I caught the eye of one of the servers assigned to the room and lifted a hand. She jumped into action, taking my order and bringing me another bottle of beer. I had given her an autograph earlier, and when she brought my drink, I tipped her a ten-dollar bill, because serving a room full of people is hard work. Dad had taught me early to look out for the people who do all the work for none of the money, no matter how famous I got. You don’t have character worth knowing if you treat the people at the bottom like dirt, he’d said. Even when I was a snotty teenager with an expensive haircut and a hit song, I had lived by those words, and I still did.

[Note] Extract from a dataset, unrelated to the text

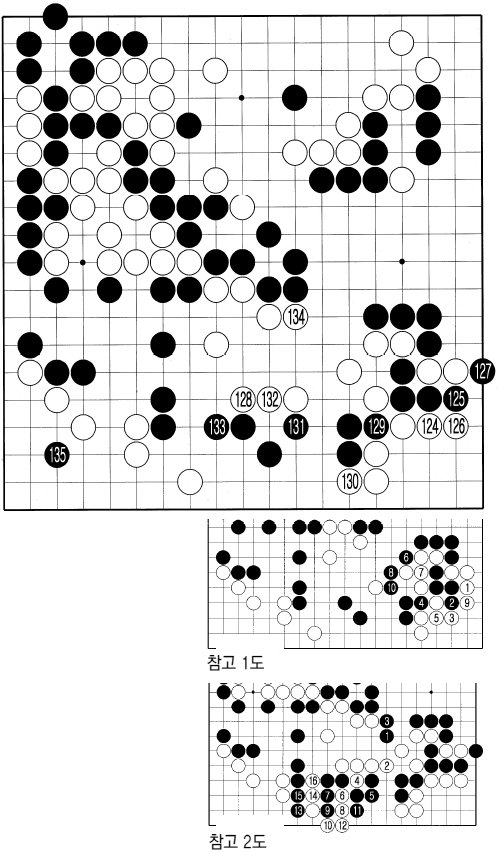 백 124를 두는 이세돌 9단의 마음은 아프다. 돌을 여러 개 투입했는데 살려줘야 하다니…. 하지만 어쩔 수 없다. 참고 1도처럼 백 1, 3으로 두면 흑은 잡을 수는 있지만 흑 10까지 중앙이 전부 흑집으로 변한다. 이렇게 되면 확실한 흑의 승리.

“Mom sent me a card,” Alistair said, as if following my train of thought.

“Wow. That’s a big effort for Mom.”

“Right?” Alistair’s tone was dry. “I’ll cherish it always.” He raised his glass of soda and I clicked it with my beer bottle.

Our mother had left when I was eight. She had moved away, remarried, and apparently left us out of sight and out of mind. It was the kind of thing that screwed up a kid, but Dad had been both parents to Alistair and me the best he could. He wasn’t perfect, but just knowing that I had one parent who was truly doing his best—who loved me that much—had gone a long way. Well, that and therapy.

Mom had made overtures about reconnecting after I got famous, but even though I was still wounded back then, I had sensed how hollow it was. She was only interested in me because of my fame and because I had made money. When I didn’t jump at the chance to get closer to her, she’d ghosted me again. I had come around to being grateful that she’d taught me a lesson about knowing which people care about you as a person and which people only care about fame.

“What about Vicki’s father?” I asked Alistair. “Did you hear from him?”

“The usual excuses,” Alistair replied with an eye roll. “He has to be somewhere, he has to do something, he can’t get away. He really would like to come to the wedding, but he just can’t. He’d like to see the kids, but he can’t. It’s always the same line.”

I nodded. I knew that Vicki and Juliet’s father was a musician who had never made it big. He’d spent the last thirty years going through a succession of women, making promises to his kids and not keeping them. “Do either of them even talk to him at this point? There doesn’t seem to be any relationship there.”

“We hear from him once a year or so,” Alistair said. “He calls and makes a bunch of noise about visiting, but he never means any of it. I don’t know if Jules talks to him. Except for the fact that he’s a complete asshole, she’s a lot like him. She even looks like him.”

I felt my defensiveness rise, and I had to take a second to grip my beer bottle and inhale a breath. Did Juliet’s family think she was like her father—careless, irresponsible, selfish? She was nothing like that. She lived the musician’s life, but she hadn’t dragged anyone into marriage only to abandon them, and she sure as hell hadn’t brought children into the world only to ditch them when things got hard. She could have made promises and bailed on this wedding, just like her father had—but she hadn’t. Instead, she had showed up.